Welcome to "Political Posturing," featuring opposing views on current issues important to Wisconsin's business community. In this column, Wisconsin Business Alliance Board President Brad Werntz and conservative columnist David Blaska offer their opinions from the left and the right, respectively.

Yes, but it’s easy come, easy go in Trump’s world.

By Brad Werntz

Trumpian habits die hard, so as usual the truly important announcement was made on Twitter: “Trade wars are good and easy to win,” the president tweeted. And thus, it was so. After all, he is the sun, the moon, and the evening star. Whatever he says is as it will be, and whatever he tweets — well, that’s gospel written into a stone tablet.

No, really, that last part is absolutely true.

Sometimes, the president tries to delete tweets because he’s an atrocious speller or because he makes up words. For example, “Covfefe” entered the American lexicon overnight, and while no one knows what it means, everyone knows what it is. Tweets are sometimes deleted, but they are never, ever gone.

So about that tweet in question: “Trade wars are good, and easy to win.” In my line of work, “easy” is always someone else’s job, as in: “Oh yeah, that would be easy. We can have [someone else] whip that right up.” In the president’s case, it’s safe to say that wars are always easy and someone else’s job.

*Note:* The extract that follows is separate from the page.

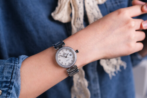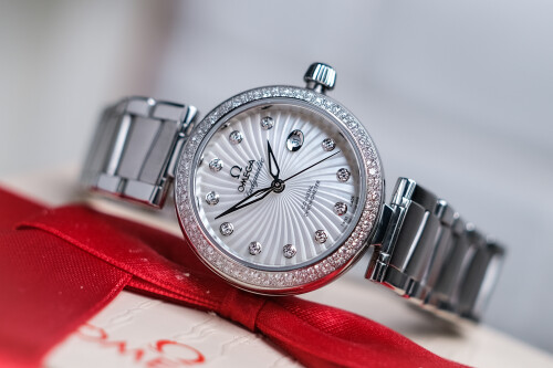 ✨ เรือนนี้คือตัวแทนของเสน่ห์ผู้หญิงที่ทันสมัยแต่ยังคงความอ่อนโยนไว้ในดีไซน์คลาสสิก Ladymatic เป็นไลน์ที่ Omega รังสรรค์เพื่อ “หญิงสาวผู้หลงใหลความเที่ยงตรงพอ ๆ กับความงาม” ความเงางามของเปลือกหอยมุกตัดกับประกายเพชรบนขอบตัวเรือนสะท้อนความหรูหราเหนือกาลเวลา ทุกองค์ประกอบตั้งแต่ลายคลื่นบนข้างเคสจนถึงเครื่องที่มองเห็นผ่านฝาหลัง ล้วนสื่อถึงความพิถีพิถันระดับงานศิลป์

In fact, my industry stands at the front line of this particular battlefront. The Outdoor Industry Association estimates that $200 hiking boots, most of which are now made in China, could cost up to $360 tomorrow if these tariffs go through, but that’s no problem. We’ll all just buy lower-quality footwear and maybe get bone spurs. If the president can’t feel our pain, we may as well feel his.

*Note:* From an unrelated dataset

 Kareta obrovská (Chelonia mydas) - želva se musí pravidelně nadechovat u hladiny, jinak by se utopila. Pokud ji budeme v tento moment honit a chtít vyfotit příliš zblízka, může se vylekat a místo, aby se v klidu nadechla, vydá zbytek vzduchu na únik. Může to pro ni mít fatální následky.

Tariffs protect American jobs, right? Not quite. Last time there was a tariff on steel — in 2002, under the most recent Bush administration — U.S. factories couldn’t meet demand and steel prices soared. Bear in mind that U.S. steel-consuming manufacturers dwarf the U.S. steel industry, with more than 6.5 million workers, and Bush’s tariffs ultimately cost 200,000 workers in the manufacturing industry their jobs. The steel industry, by contrast, employs about 140,000 workers. So by all means, let’s have a trade war. Will the president’s tariffs tank the economy? Probably, but don’t worry. It will be easy.

Editor’s note: There is still a chance to avoid the tariffs on steel and aluminum, as China has signaled its willingness to negotiate with U.S. trade representatives.

Brad Werntz is a small business owner in Madison.